Я воздуха глотнул, да к берегу двинулся. При чем, спасло меня то, что голову я от страха не потерял. Так бы и утоп в этом болоте — чувствовал я, как оно пытается меня вновь на спину перевернуть, как ноги мои от земли отрывает. Так нет, я на дно уйду, от ила донного вперед оттолкнусь, пару шагов сделаю, и вновь на поверхность, воздуху глотнуть. Глаза от соли горят, в легких вообще воды полно, но я иду, как комбайн в поле — ровно иду. Понимаю, что иначе утянет меня озеро к себе.

Боролся я, наверное, минут десять, пока добрался до того места. Где вода мне по пояс была. Озеро-то не глубокое, в самом центре его, поди, тебя только и скроет, зато берег медленно под воду уходит. Так и получилось, что в воде я был чуть выше, чем по грудь, а от берега отошел метров на полтораста.

Я понимающе кивнул. Сам видел, был на пирсе. В озеро он уходит не меньше, чем на сотню метров, а глубина там, разве что, по колено.

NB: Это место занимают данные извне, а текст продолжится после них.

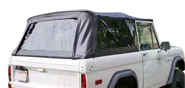 Replace your aging, worn out factory soft-top and gain some additional storage space inside the driving compartment. All the features of the original factory top with exclusive Rampage additions which includes two zippered storage pockets. Produced in original factory specifications and colors. The Rampage replacement top easily installs over factory framework, attaches to factory mounting points and original equipment belt rail attachment system. Also, with door skins that slip over the upper doorframes. Soft upper doors are included. Fits all factory applications. Available with either tinted or clear windows. For half door applications only.

— Так вот. — продолжал старик. — Я уж опять подумал, что конец мне приходит. Из сил выбился совсем, а идти еще и идти. Метров полста. Вода мне по пояс, так что отбиваться маленько легче стало, только и озеро все силы напрягло, меня к себе тащит. Я даже на помощь не звал, чтоб силы не тратить. Понимал, что пока народ сбежится — меня даже откачивать поздно будет, не говоря уж о том, чтоб из воды вытаскивать.

Смотрю, вода вокруг меня прямо пенится, и на дыбки встает. Дно вот оно, под ногами, а озеро меня все пеленает, силится с головой макнуть. И вода-то вовсе не вода — обнимает меня, движения сковывает, по телу вверх ползет, будто хочет колпаком сверху прикрыть. Да сглупило озеро — кабы оно меня таким колпаком сразу накрыло, так я ни в жисть бы не выбрался. Но, видать, ему силы для борьбы нужны были...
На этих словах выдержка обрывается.